▶ Material provided
BEGIN
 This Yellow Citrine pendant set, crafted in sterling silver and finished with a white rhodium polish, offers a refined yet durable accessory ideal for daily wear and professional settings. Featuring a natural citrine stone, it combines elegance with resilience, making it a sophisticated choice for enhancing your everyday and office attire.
END
BEGIN
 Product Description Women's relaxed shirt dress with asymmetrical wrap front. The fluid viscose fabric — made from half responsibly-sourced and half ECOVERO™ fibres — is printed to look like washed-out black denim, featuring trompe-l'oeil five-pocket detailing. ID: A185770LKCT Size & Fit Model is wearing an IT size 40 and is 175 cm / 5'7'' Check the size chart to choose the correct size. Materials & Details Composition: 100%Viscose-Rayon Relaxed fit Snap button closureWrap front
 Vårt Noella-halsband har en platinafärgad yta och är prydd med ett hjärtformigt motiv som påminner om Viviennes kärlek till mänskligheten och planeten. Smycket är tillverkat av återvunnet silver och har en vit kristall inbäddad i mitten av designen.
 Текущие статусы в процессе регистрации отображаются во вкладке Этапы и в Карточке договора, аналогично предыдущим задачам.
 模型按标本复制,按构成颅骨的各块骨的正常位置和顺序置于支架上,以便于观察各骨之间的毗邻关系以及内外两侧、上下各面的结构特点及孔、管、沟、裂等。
END
BEGIN
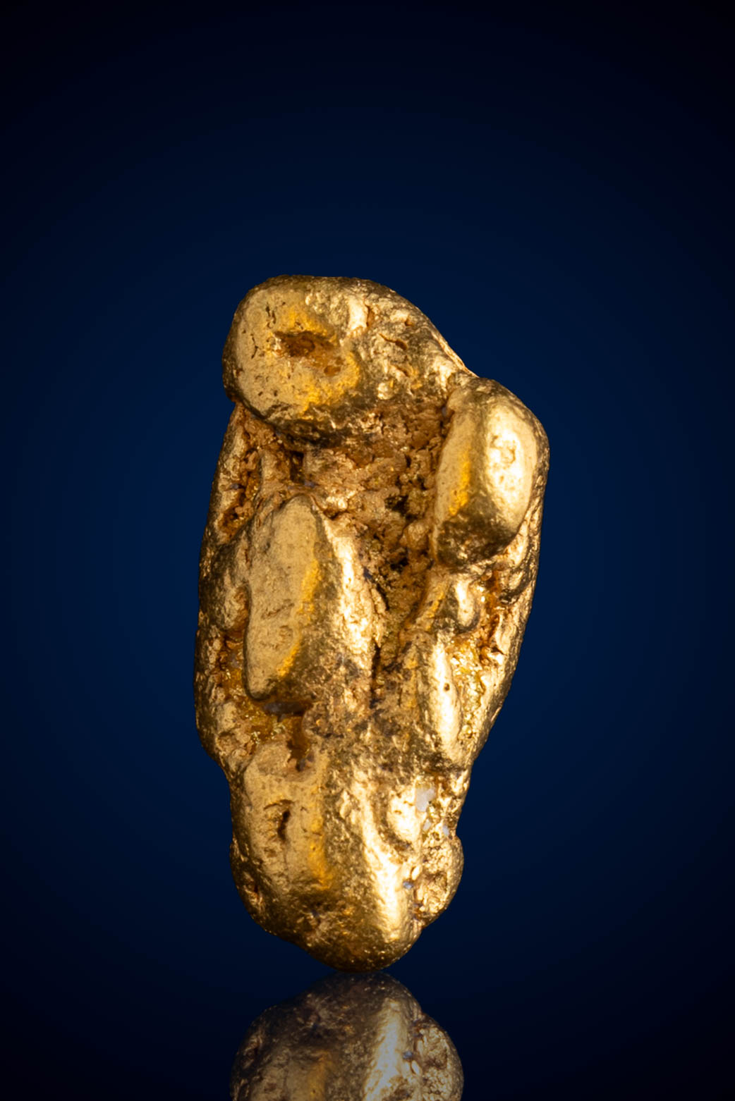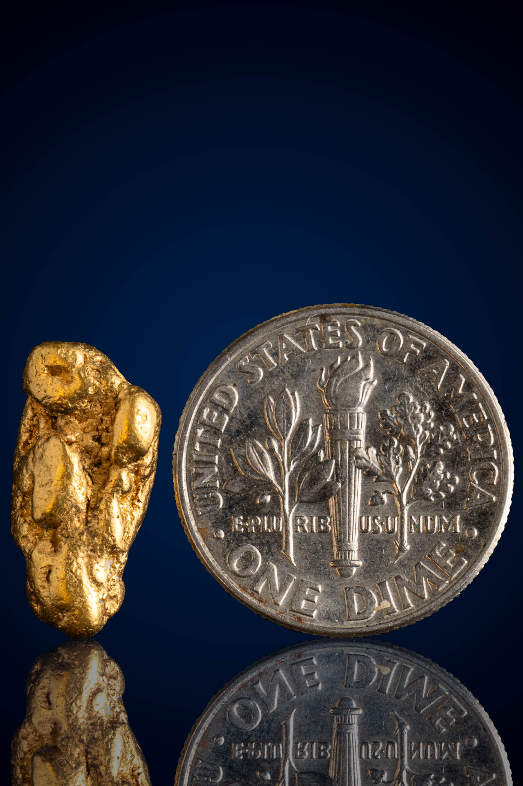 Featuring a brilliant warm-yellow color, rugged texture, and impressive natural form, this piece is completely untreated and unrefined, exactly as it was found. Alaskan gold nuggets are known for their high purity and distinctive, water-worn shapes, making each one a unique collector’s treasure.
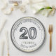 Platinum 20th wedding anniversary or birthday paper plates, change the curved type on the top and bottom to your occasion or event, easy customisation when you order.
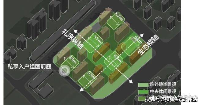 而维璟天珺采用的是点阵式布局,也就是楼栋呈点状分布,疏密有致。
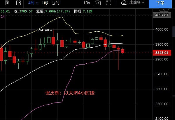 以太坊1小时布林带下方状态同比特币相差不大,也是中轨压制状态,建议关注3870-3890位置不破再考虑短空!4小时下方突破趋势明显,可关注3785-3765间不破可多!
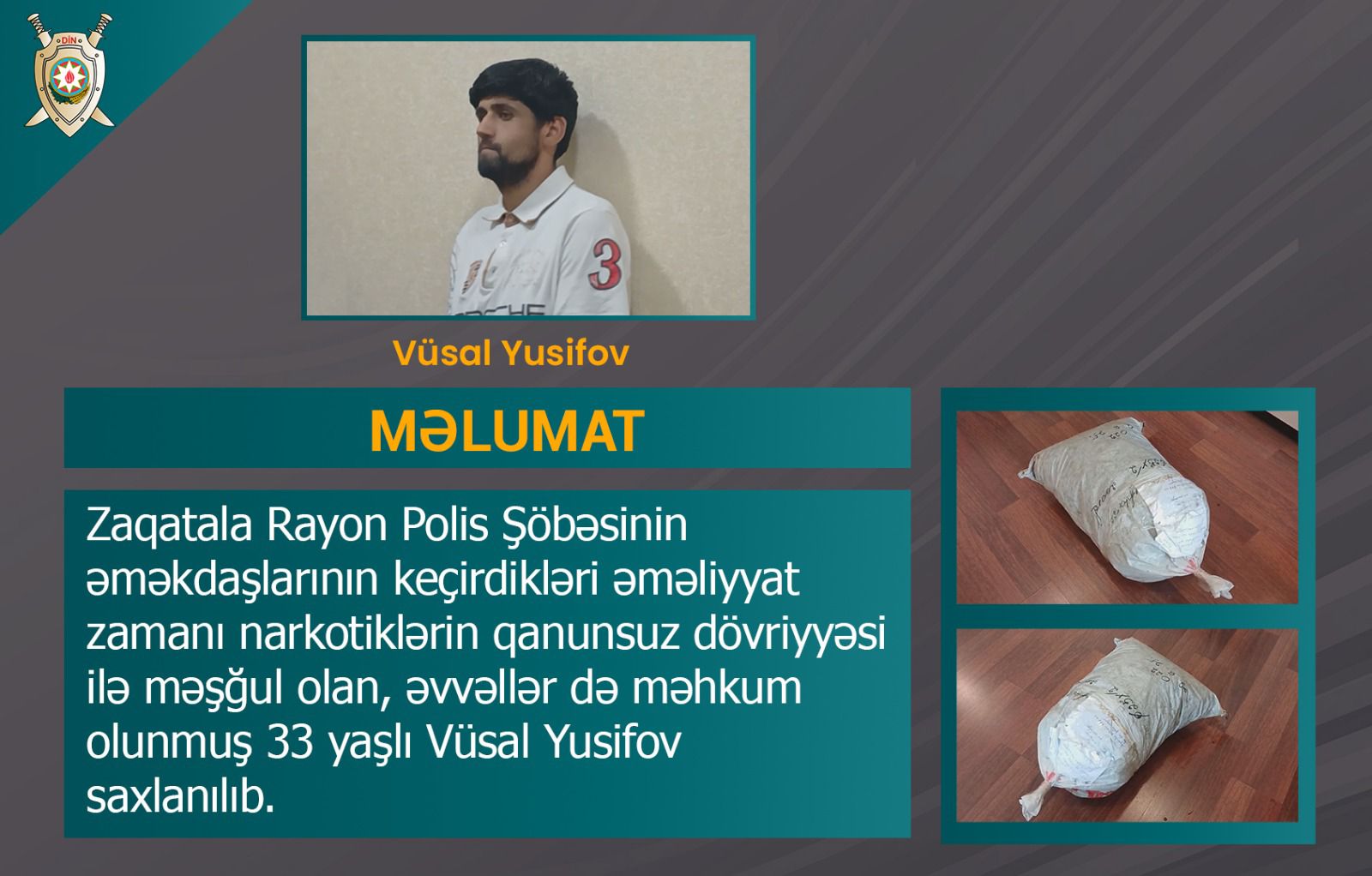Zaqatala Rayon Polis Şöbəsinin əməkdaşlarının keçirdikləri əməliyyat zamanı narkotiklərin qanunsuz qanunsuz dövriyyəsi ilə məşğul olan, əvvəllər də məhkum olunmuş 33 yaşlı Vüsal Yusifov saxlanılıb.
END
▶ Work required
Look above for the line with "Platinum 20th wedding" and copy exactly from it through the line with "Zaqatala Rayon Polis", both included. Omit the pictures.

▶ Answer section
 Platinum 20th wedding anniversary or birthday paper plates, change the curved type on the top and bottom to your occasion or event, easy customisation when you order.
 而维璟天珺采用的是点阵式布局,也就是楼栋呈点状分布,疏密有致。
 以太坊1小时布林带下方状态同比特币相差不大,也是中轨压制状态,建议关注3870-3890位置不破再考虑短空!4小时下方突破趋势明显,可关注3785-3765间不破可多!
Zaqatala Rayon Polis Şöbəsinin əməkdaşlarının keçirdikləri əməliyyat zamanı narkotiklərin qanunsuz qanunsuz dövriyyəsi ilə məşğul olan, əvvəllər də məhkum olunmuş 33 yaşlı Vüsal Yusifov saxlanılıb.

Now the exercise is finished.